### Provided records

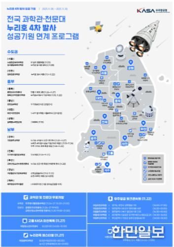 ‘누리호 4차 발사’ 성공 기원 과학행사 참가비는 무료이며, 선착순 2백 명에게는 우주항공청에서 ‘우주인 키링’을 제공할 예정이다.
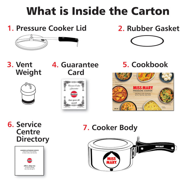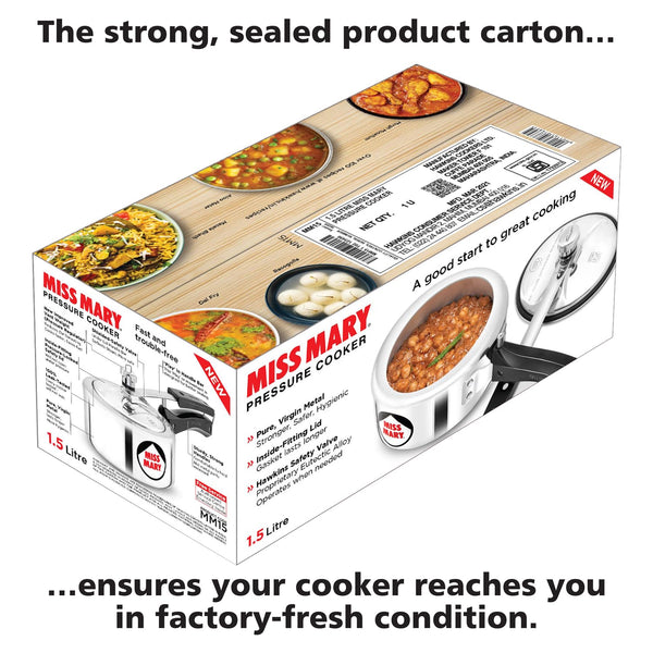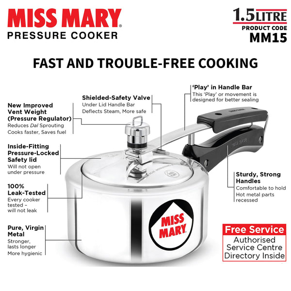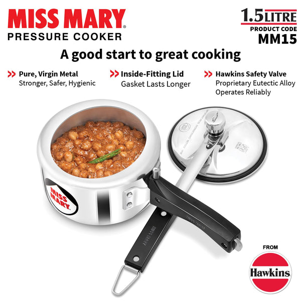Hawkins 1.5 Litre Miss Mary Aluminium Pressure Cooker, Small Inner Lid Cooker, Silver (Mm15), 1.5 Liter
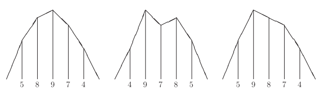 以下图示展示了三种符合上述要求的画布布置方法,杆子的高度依次为 4、5、7、8 和 9。
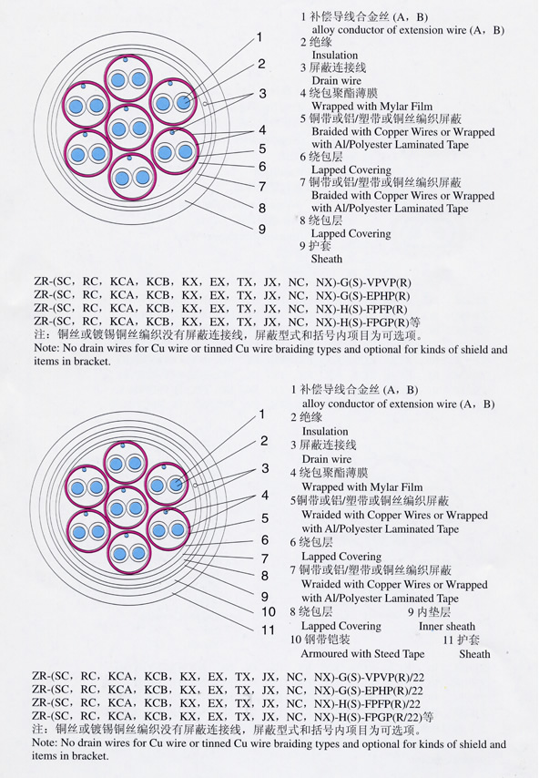 2 阻燃型在型號前加ZR,鎧裝電纜型號后加22,ZR192為進口PFA材料,耐溫260℃
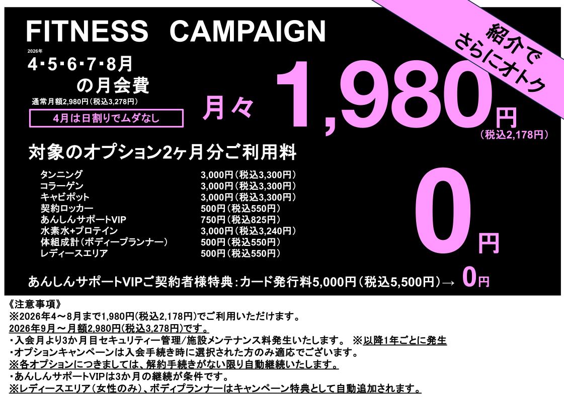 2026年4月~8月までの6カ月間、月額1,980円(税込み2,178円)で通えるキャンペーン!
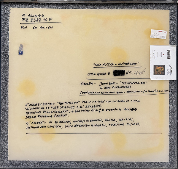 OMAR RONDA, "John Gotti, star frozen", 2010, foto con polimero termoplastico, cm 100x100. Al verso: firma, anno, titolo, misure, descrizione da parte dell'autore, numero di archivio, etichetta Fondazione Sgarbi. Opera accompagnata da certificato di provenienza
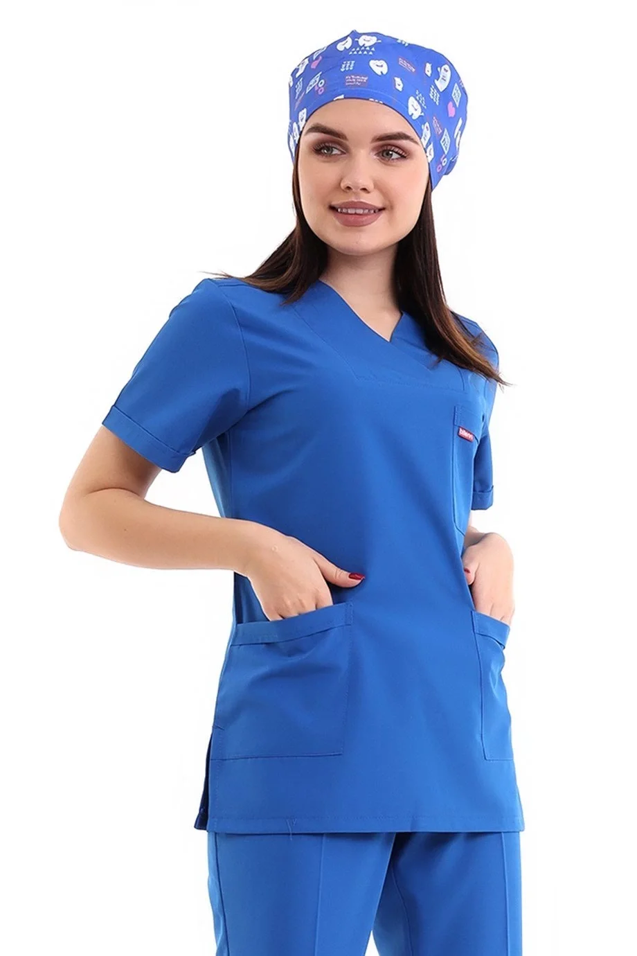 Desenli Tek Üst Scrubs Forma

### Work to be completed
Output the whole listing exactly. Pictures stay out.

### Solution for this problem
 ‘누리호 4차 발사’ 성공 기원 과학행사 참가비는 무료이며, 선착순 2백 명에게는 우주항공청에서 ‘우주인 키링’을 제공할 예정이다.
Hawkins 1.5 Litre Miss Mary Aluminium Pressure Cooker, Small Inner Lid Cooker, Silver (Mm15), 1.5 Liter
 以下图示展示了三种符合上述要求的画布布置方法,杆子的高度依次为 4、5、7、8 和 9。
 2 阻燃型在型號前加ZR,鎧裝電纜型號后加22,ZR192為進口PFA材料,耐溫260℃
 2026年4月~8月までの6カ月間、月額1,980円(税込み2,178円)で通えるキャンペーン!
 OMAR RONDA, "John Gotti, star frozen", 2010, foto con polimero termoplastico, cm 100x100. Al verso: firma, anno, titolo, misure, descrizione da parte dell'autore, numero di archivio, etichetta Fondazione Sgarbi. Opera accompagnata da certificato di provenienza
 Desenli Tek Üst Scrubs Forma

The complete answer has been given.